> **Stored data**
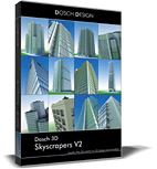 Das Produkt DOSCH 3D: Skyscrapers V2 enthält 25 detaillierte und voll texturierte 3D-Modelle von Hochhäusern.
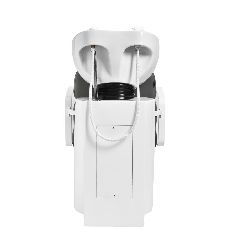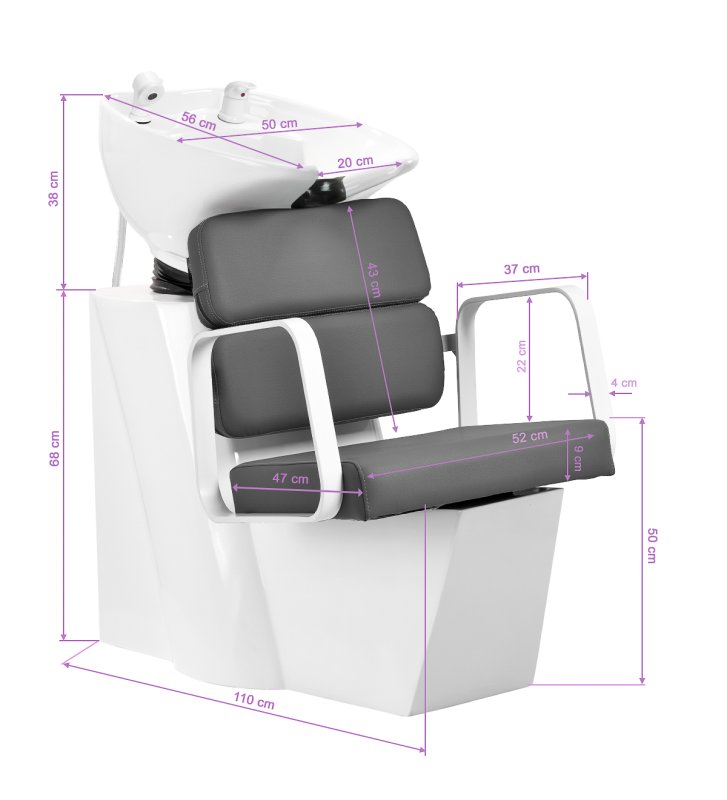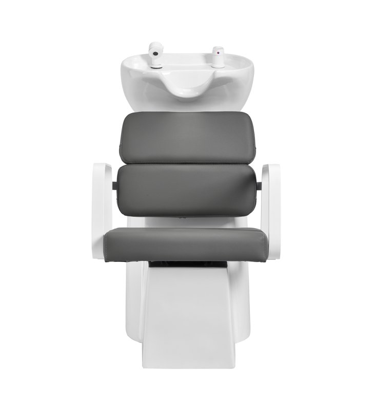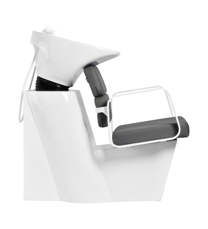 Wyprofilowany fotel zapewnia odpowiednie wsparcie lędźwi, a co za tym idzie wysoki komfort użytkowania. Metalowe podłokietniki w odcieniach bieli o geometrycznym kształcie pozwalają na prawidłowe ułożenie barków klienta. Wypełnienie z trwałej, odpornej na odkształcenia pianki oraz obicie wykonane z przyjemnej w dotyku skóry syntetycznej w odcieniach szarości zapewniają trwałość mebla, łatwość czyszczenia i komfortowe użytkowanie przez długi czas. Oryginalny, elegancki wygląd myjni nadaje wnętrzom niepowtarzalnego wyrazu. W zestawie znajduje się kompletna armatura w odcieniach bieli, w tym bateria, słuchawka prysznicowa oraz dedykowane węże, aby zapewnić kompletny zestaw narzędzi do pracy.
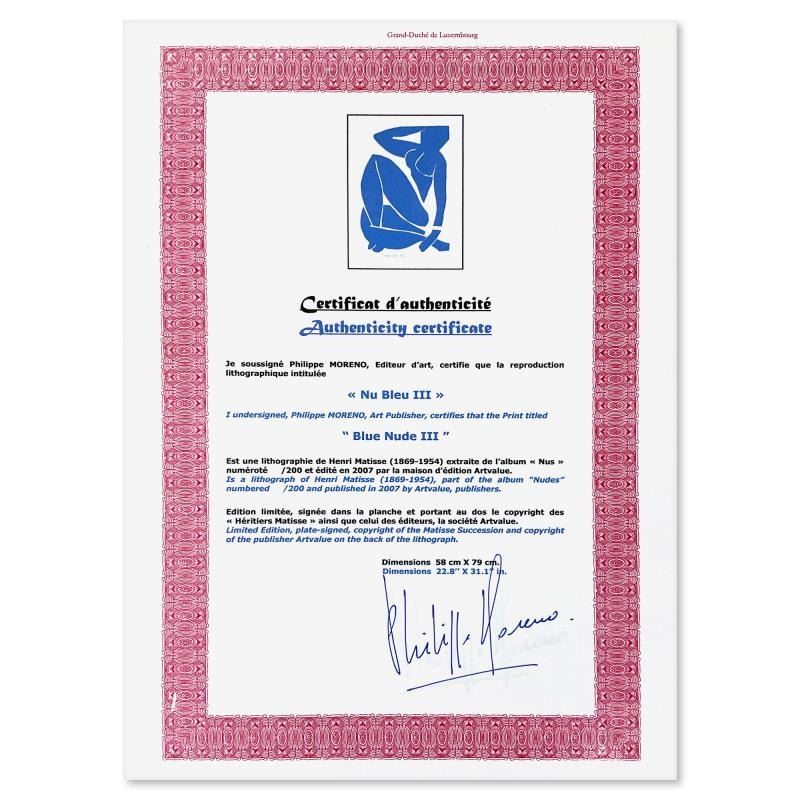 "Nu Bleu III" is a limited edition lithograph by Henri Matisse (1869-1954) bearing the plate signature of the artist. This piece comes from an edition of 200 authorized by the Matisse Estate; the edition number is not on the piece itself but on the certificate. This piece comes custom framed. Includes Certificate of Authenticity. Measures approx. 28.5" x 37" (frame), 22.5" x 31" (image).
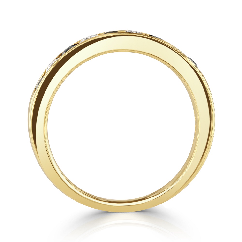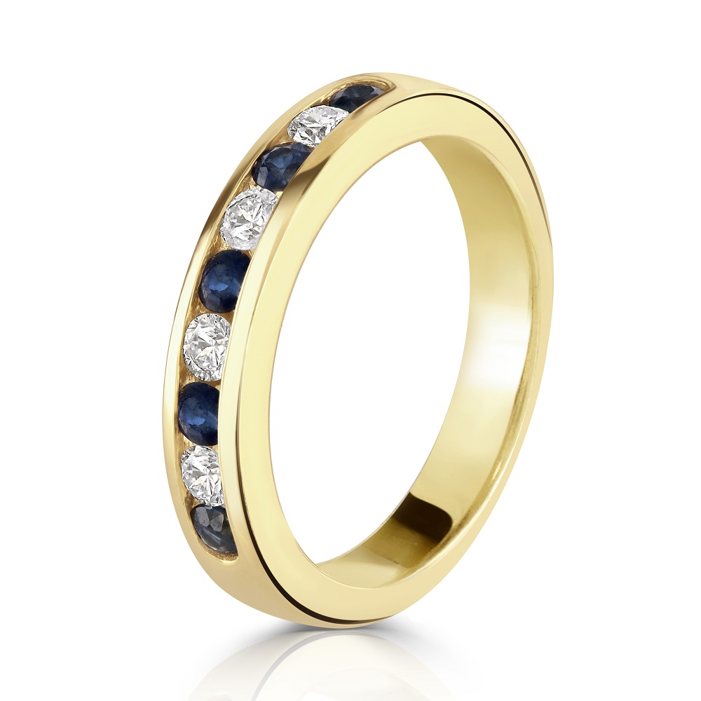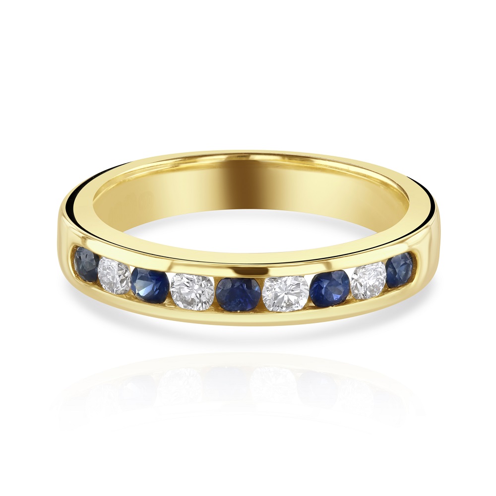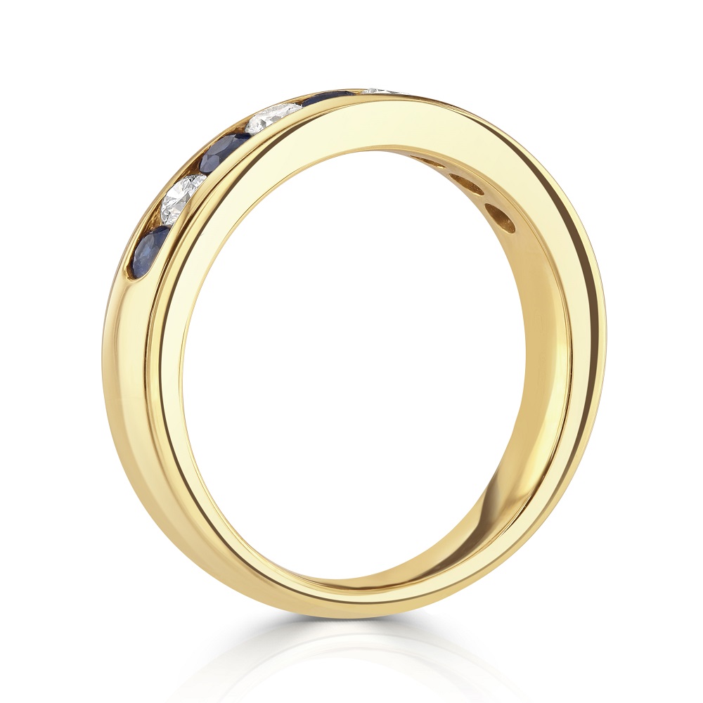 Our 18ct yellow gold half eternity ring is a luxurious symbol of enduring style. This exquisite ring features a seamless channel setting with alternating gemstones, combining the rich allure of five round sapphires with the sparkling brilliance of four round brilliant cut diamonds.

> **Task requirements**
Give all of the material again, exactly, apart from the pictures.

> **Answer section**
 Das Produkt DOSCH 3D: Skyscrapers V2 enthält 25 detaillierte und voll texturierte 3D-Modelle von Hochhäusern.
 Wyprofilowany fotel zapewnia odpowiednie wsparcie lędźwi, a co za tym idzie wysoki komfort użytkowania. Metalowe podłokietniki w odcieniach bieli o geometrycznym kształcie pozwalają na prawidłowe ułożenie barków klienta. Wypełnienie z trwałej, odpornej na odkształcenia pianki oraz obicie wykonane z przyjemnej w dotyku skóry syntetycznej w odcieniach szarości zapewniają trwałość mebla, łatwość czyszczenia i komfortowe użytkowanie przez długi czas. Oryginalny, elegancki wygląd myjni nadaje wnętrzom niepowtarzalnego wyrazu. W zestawie znajduje się kompletna armatura w odcieniach bieli, w tym bateria, słuchawka prysznicowa oraz dedykowane węże, aby zapewnić kompletny zestaw narzędzi do pracy.
 "Nu Bleu III" is a limited edition lithograph by Henri Matisse (1869-1954) bearing the plate signature of the artist. This piece comes from an edition of 200 authorized by the Matisse Estate; the edition number is not on the piece itself but on the certificate. This piece comes custom framed. Includes Certificate of Authenticity. Measures approx. 28.5" x 37" (frame), 22.5" x 31" (image).
 Our 18ct yellow gold half eternity ring is a luxurious symbol of enduring style. This exquisite ring features a seamless channel setting with alternating gemstones, combining the rich allure of five round sapphires with the sparkling brilliance of four round brilliant cut diamonds.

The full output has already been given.